**Information shown**
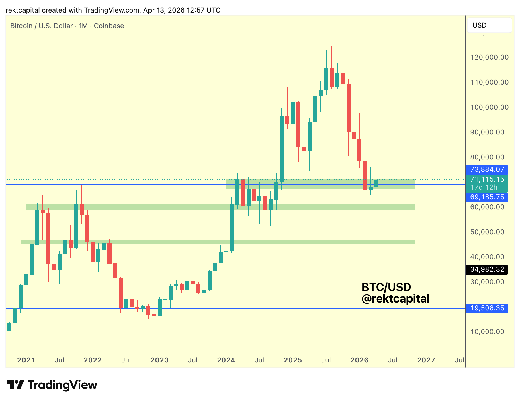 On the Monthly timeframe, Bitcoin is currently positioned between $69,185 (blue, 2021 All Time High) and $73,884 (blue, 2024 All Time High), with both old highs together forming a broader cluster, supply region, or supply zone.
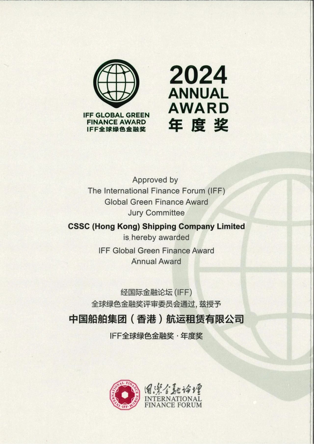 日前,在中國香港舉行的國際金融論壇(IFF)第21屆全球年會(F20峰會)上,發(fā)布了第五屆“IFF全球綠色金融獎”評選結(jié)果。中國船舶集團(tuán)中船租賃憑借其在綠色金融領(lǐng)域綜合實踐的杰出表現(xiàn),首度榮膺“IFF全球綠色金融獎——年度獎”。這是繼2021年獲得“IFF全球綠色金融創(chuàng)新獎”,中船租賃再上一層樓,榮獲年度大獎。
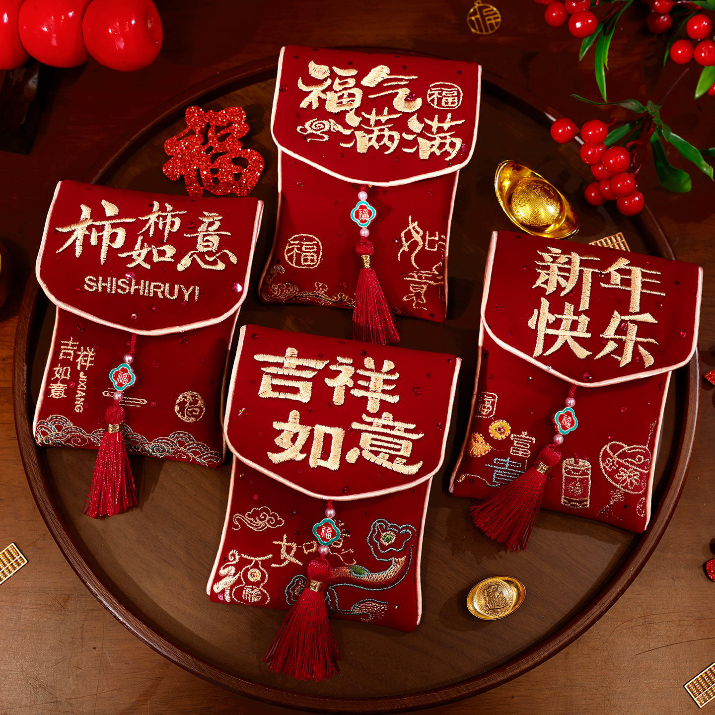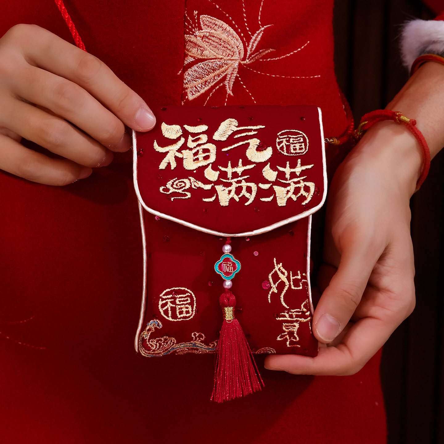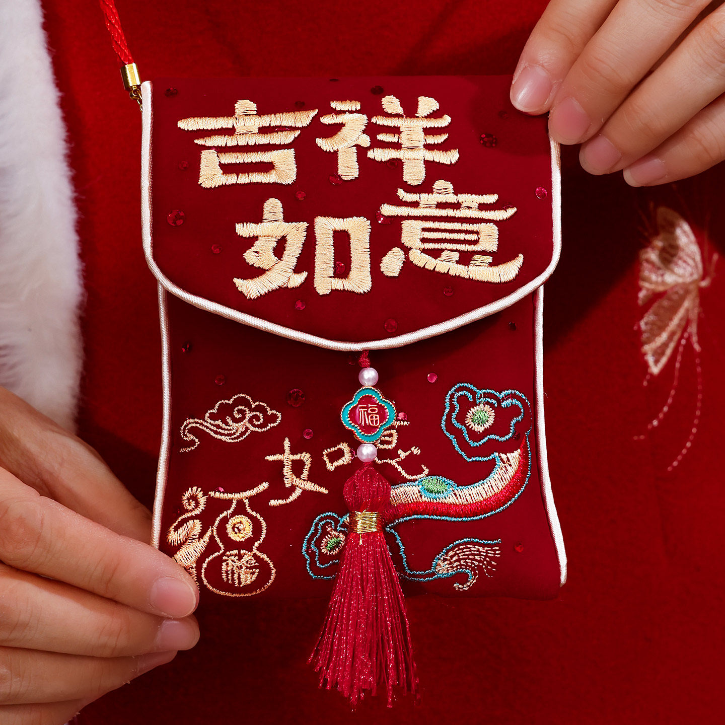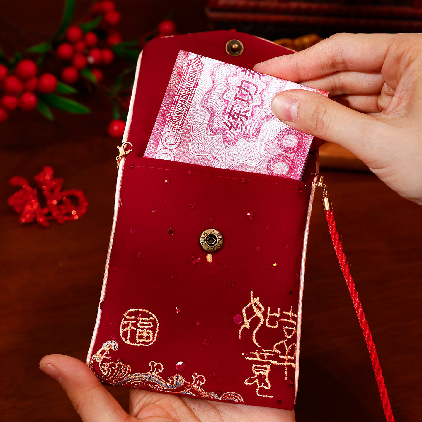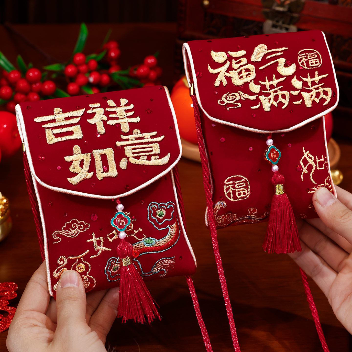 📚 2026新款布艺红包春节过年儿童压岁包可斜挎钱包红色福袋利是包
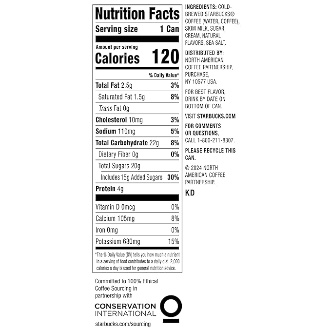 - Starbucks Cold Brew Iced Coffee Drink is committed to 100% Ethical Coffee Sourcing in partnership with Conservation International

**Work order**
Without any of its images, the data above should be returned exactly.

**Result of the task**
 On the Monthly timeframe, Bitcoin is currently positioned between $69,185 (blue, 2021 All Time High) and $73,884 (blue, 2024 All Time High), with both old highs together forming a broader cluster, supply region, or supply zone.
 日前,在中國香港舉行的國際金融論壇(IFF)第21屆全球年會(F20峰會)上,發(fā)布了第五屆“IFF全球綠色金融獎”評選結(jié)果。中國船舶集團(tuán)中船租賃憑借其在綠色金融領(lǐng)域綜合實踐的杰出表現(xiàn),首度榮膺“IFF全球綠色金融獎——年度獎”。這是繼2021年獲得“IFF全球綠色金融創(chuàng)新獎”,中船租賃再上一層樓,榮獲年度大獎。
 📚 2026新款布艺红包春节过年儿童压岁包可斜挎钱包红色福袋利是包
 - Starbucks Cold Brew Iced Coffee Drink is committed to 100% Ethical Coffee Sourcing in partnership with Conservation International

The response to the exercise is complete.